Una vez dentro de la tienda, miró a Luigi y dijo; tus amigos se quedan aquí.
Como salido de alguna película, sigilosamente desliza una pared que sostenía al
menos un ciento de lentes multicolor, sin entender nada, pero lleno de
curiosidad, Luigi se acercó a la pared y comprendió que se trataba de un mecanismo
perfectamente ensamblado al muro para disimular una puerta.
Adelante,
alguna de nuestras muchachas lo atenderá…
Aún más
confundido, entra al angosto pasillo y observa, no más de un metro de ancho era
el espacio de aquel lugar secreto, 10 pasos cortos más adelante gira hacia la
Derecha, y continua diez pasos más. Las paredes, aparador rescatado del sueño
de cualquier mujer, bolsas de todas las marcas en todos los tonos y tamaños.
Abarrotado de personas; distintas nacionalidades y credos, se escuchan voces en
francés, alemán, italiano y algún otro idioma oriental, allá al fondo una voz
española le arrancó una sonrisa -¡Joder, tío! Me siento como niña en dulcería-
decía la entusiasmada dama al hombre que tomaba del brazo. Le puedo ayudar en algo, intervino una menuda
muchachita, sacándolo por sorpresa de sus pensamientos.
Recobrando la postura de comprador
experimentado, tratando de oler el miedo en su oponente, pregunta a la joven,
¿Tiene algo más, aparte de bolsas?
Claro,
permítame un segundo. Por lo pronto le
dejo estos catálogos, por si ve algo que llame su atención. La joven dio una
buena cantidad de revistas desgastadas por excesivo uso, con nombres conocidos
y costosos en portada. Son los catálogos originales, eso es algo de lo que
tenemos en existencia, concluyó la mujer en perfecto castellano, al marcharse.
Tras un par de
minutos, regresó y dijo; habéis visto algo de su interés. En realidad no,
contestó, mientras veía con lujuriosa mirada las manecillas montadas en el
armazón plateado con extensible en caucho. Sólo por curiosidad, cual es el
precio de este reloj. Mil Yuanes joven, Luigi repitió la rutina de regateo pero
esta vez no veía que fuera a funcionar ya que solo lograba un precio mínimo de
ochocientos.
Tenía que
hacer algo para poner la balanza a su favor, así que blofear sería la
estrategia, mire señorita tengo intención de comprar varios y no pienso perder
mi tiempo, se está haciendo tarde, me podría abrir la puerta por favor. Los
ojos de la pequeña oriental abrieron cual flor en primavera. ¿Varios, dice?

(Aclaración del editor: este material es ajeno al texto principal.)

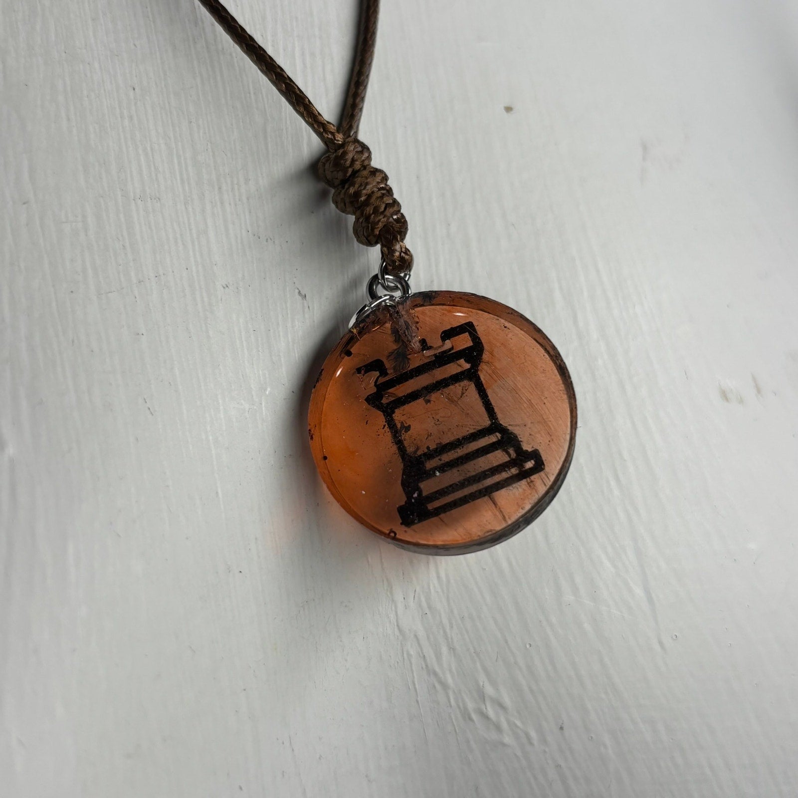 Amber Orange Rook - Handmade Resin Chess Necklace
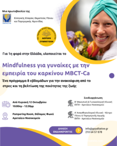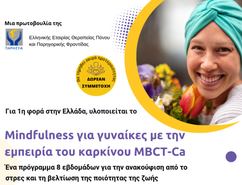Η Ελληνική Εταιρία Θεραπείας Πόνου και Παρηγορικής Φροντίδας (ΠΑΡΗ.ΣΥ.Α.), σε συνεργασία με τη Β’ Μαιευτική-Γυναικολογική Κλινική και την Α’ Αναισθησιολογική Κλινική – Κέντρο Πόνου & Παρηγορικής Θεραπείας του ΕΚΠΑ, προσφέρει δωρεάν για πρώτη φορά στην Ελλάδα το εξειδικευμένο πρόγραμμα Γνωσιακής Θεραπείας με Βάση το Mindfulness για Ογκολογικούς Ασθενείς (MBCT-CA), στο Αρεταίειο Νοσοκομείο.
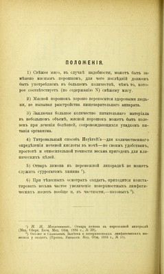 Material k voprosu o miasnom poroshkie : usvoiaemost' azotistykh chastei ego i obmien i usvoiaemost' azota pishchi pri kormlenii miasnymi poroshkami zdorovykh liudei : dissertatsiia na stepen' doktora meditsiny / Nikolaia Maslennikova ; tsenzorami dissertatsii, po porucheniiu Konferentsii, byli professory V.A. Manassein, A.P. Dobroslavin i privat-dotsent A.I. Sudakov.
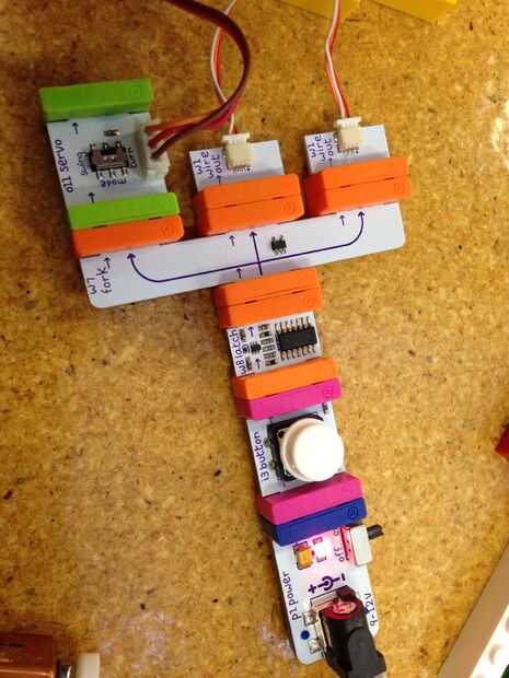 Y aún más de littleBits de experimentación, probar un control de pulso para hacer flash los ojos! O un tiempo de espera de bits para hacerle activo para sólo tanto tiempo antes de que se detenga automáticamente.
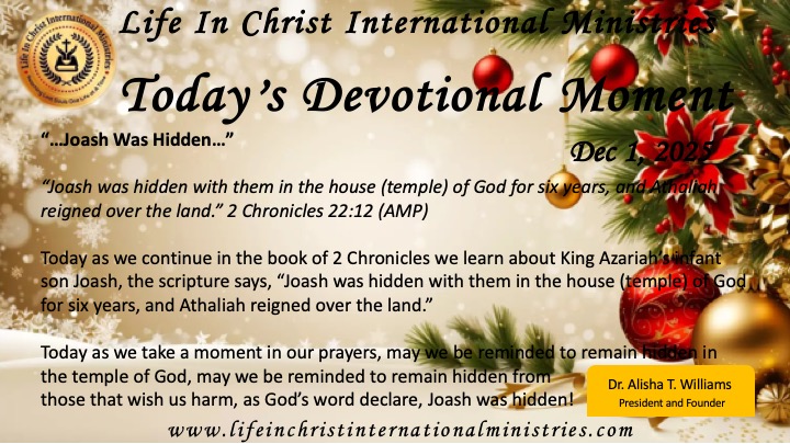 Today as we take a moment in our prayers, may we be reminded to remain hidden in the temple of God, may we be reminded to remain hidden from those that wish us harm, as God’s word declare, Joash was hidden!
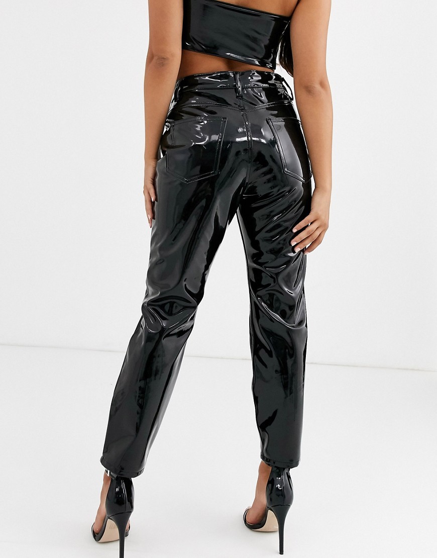 Nabłyszczane czarne spodnie damskie slim W25 L28
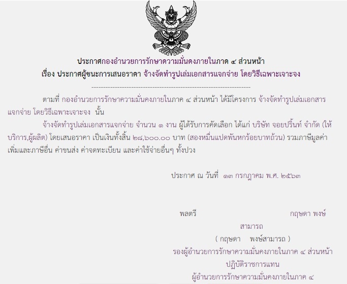 ประกาศผู้ชนะการเสนอราคา จ้างจัดทำรูปเล่มเอกสารแจกจ่าบ โดยวิธีเฉพาะเจาะจง (28,600.00)(10)

Así
es, mínimo diez. Su cabeza no entendía
que estaba pasando, hablaba por hablar cuando en realidad quería salir corriendo
de ese lugar.
Alguien llegó
y extendió su mano para ofrecer unos rollos plásticos que al desplegar
resultaron ser relojes, brillantes y seductores, relojes.
De inmediato
identificó el anhelado mecanismo de tiempo de entre los demás e intenta ser
fuerte. Al ver que no da su brazo a torcer, la vendedora le dice enigmáticamente.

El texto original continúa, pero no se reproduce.